Арт-рынок в XXI веке. Пространство художественного эксперимента (Арутюнова) - страница 85

. Игра с подписью была способна изобличить тщательно маскируемые связи искусства и экономики. «Когда Дюшан подписывает предметы массового производства и отсылает их на художественные выставки, он отрицает категорию индивидуального творения. Подпись, сама суть которой заключается в том, чтобы отметить, что она обязана своим существованием определенному художнику, оказывается на случайно выбранном предмете массового производства – и все потому, что все претензии на индивидуальный творческий потенциал должны быть осмеяны, – писал один из видных теоретиков культуры авангарда Питер Бергер. – Провокация Дюшана не только срывает маски с рынка искусства, для которого подпись значит больше, чем качество; она ставит ребром вопрос о принципах искусства в буржуазном обществе, где конкретный человек считается создателем произведения искусства»[74].

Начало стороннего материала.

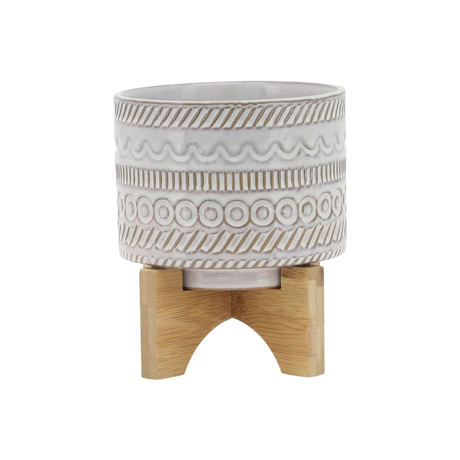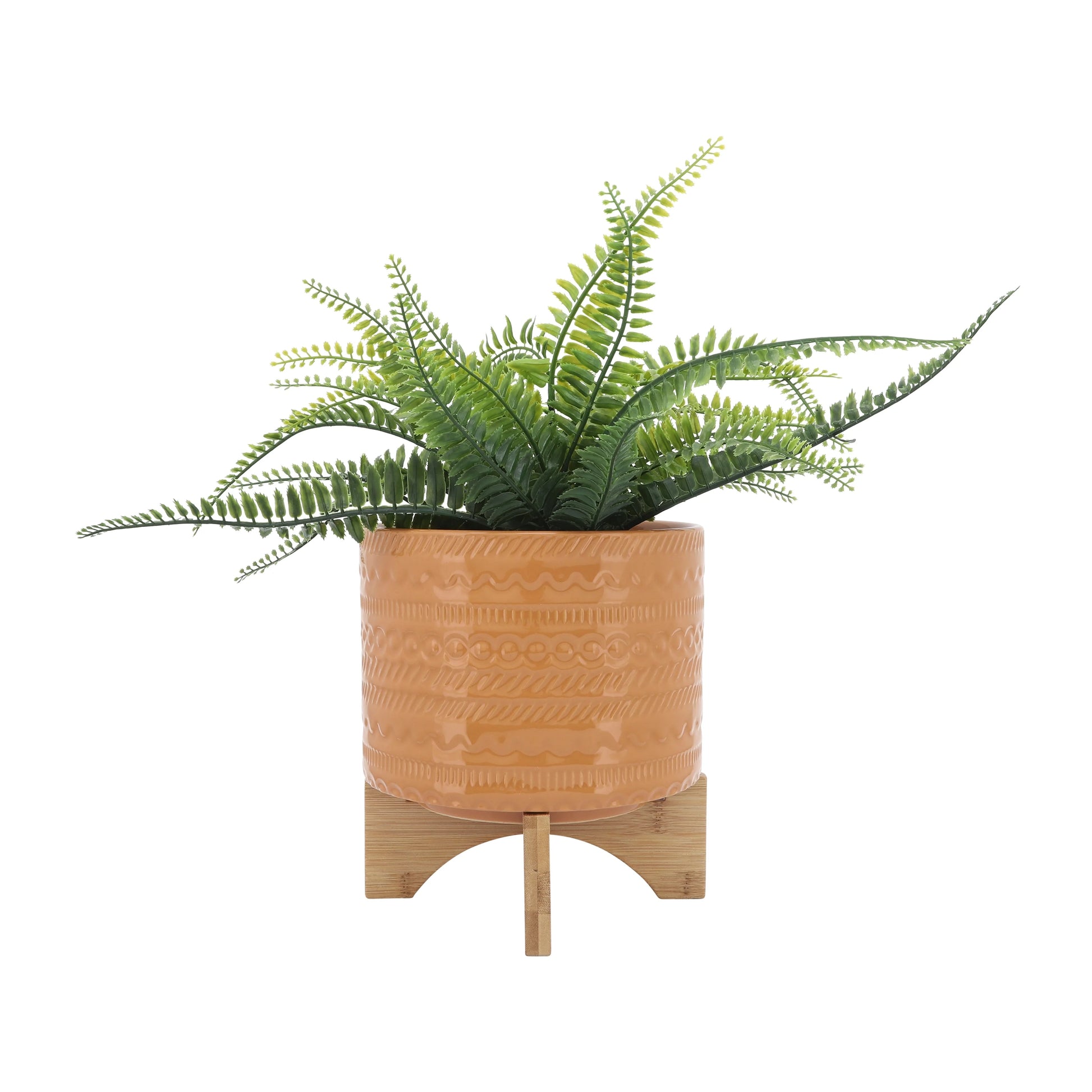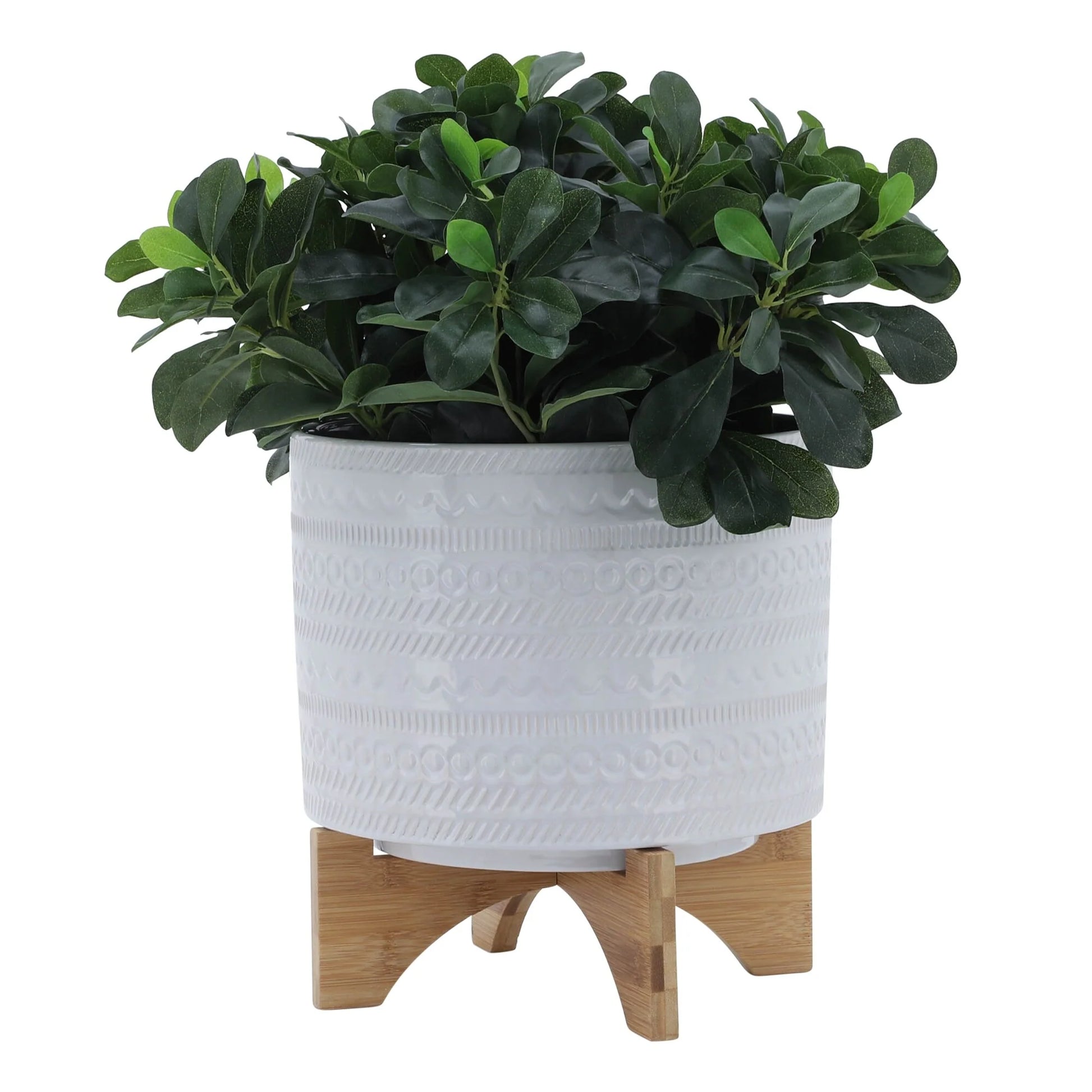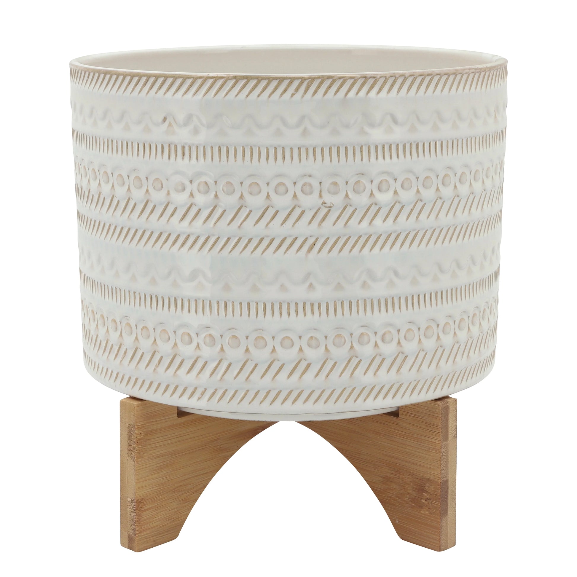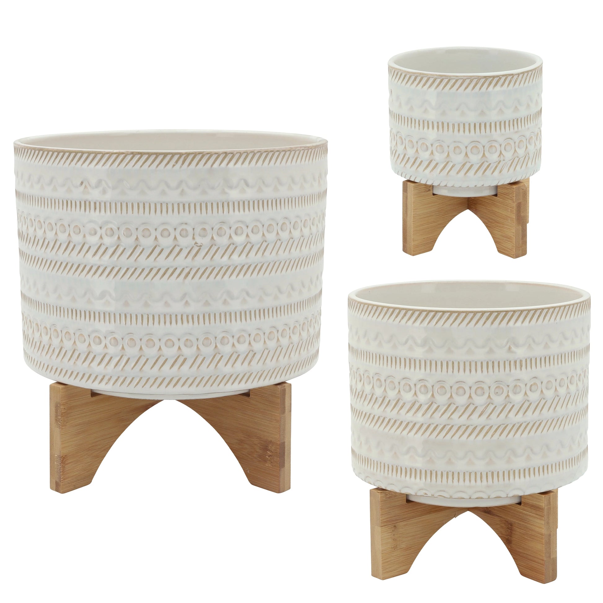 Sagebrook Home Tribal Ceramic Planter Pot with Natural Wood Stand

Вопрос о подкрепленном подписью авторстве, который открыто поставил Дюшан в начале XX в., получил широкое развитие в его второй половине. Самые разные художники приступили к творческим экспериментам, цель которых заключалась в развенчании мифов, сопутствующих бытованию произведения искусства, – и мифы об оригинальности и авторстве подверглись самой мощной атаке, как самые устойчивые стереотипы, доставшиеся нам в наследство от эпохи романтизма. Несмотря на то, что романтические представления о художнике как о гении, творчество которого целиком обусловлено эмоциональным опытом и спонтанным самовыражением, не оставляли места рациональному объяснению искусства (и, например, его существованию в экономическом контексте), именно они сильнее всего привязывали произведение к рыночным нормам формирования цены. Гениальность подразумевала уникальность, что, в свою очередь, обуславливало выбор в пользу единичности против тиражного, оригинала против копии – а значит, и более высокие цены на более редкие работы.

Элен Стюртевант: художник без работ

В 1965 г. в нью-йоркской галерее Bianchini открылась первая персональная выставка Элен Стюртевант, на которой художница показала выполненные ею реплики работ современных художников. Там были шелкографии с цветами Энди Уорхола, флаг Джаспера Джонса, футболка Класа Ольденбурга, скульптуры Джорджа Сигала, рисунки Роберта Раушенберга. Все это были реплики, сделанные самой Стюртевант, которая возвела повторение работ других художников – причем ее современников, чьи имена еще не были окончательно вписаны в канон послевоенного искусства, – в творческий метод. Она никогда не делала точных копий; профессионал и даже просто внимательный зритель сможет без труда различить, где настоящий Рой Лихтенштейн, а где ее Лихтенштейн. Она заимствовала формы, цвета, сюжеты, словом, копировала некий собирательный образ произведения искусства, использовала элементы, которые позволяли бы с уверенностью сказать, что «это Уорхол» или что-то так сильно на него похожее, что не вызывает сомнений в авторстве. Таким образом, главный вопрос, который поставила художница, заключается в том, а что именно делает Уорхола Уорхолом, даже тогда, когда за узнаваемым изображением стоит труд другого художника? Как можно определить копию и реплику, может ли произведение искусства быть симулякром, результатом мимесиса, или, подражая и становясь напоминанием о чем-то другом, оно лишь превращается в подделку? Если мы клонируем произведение, как определить грань между оригиналом и клоном; а главное – как все эти практики сказываются на бытовании произведения в современном контексте коммерческого производства и истории арт-рынка?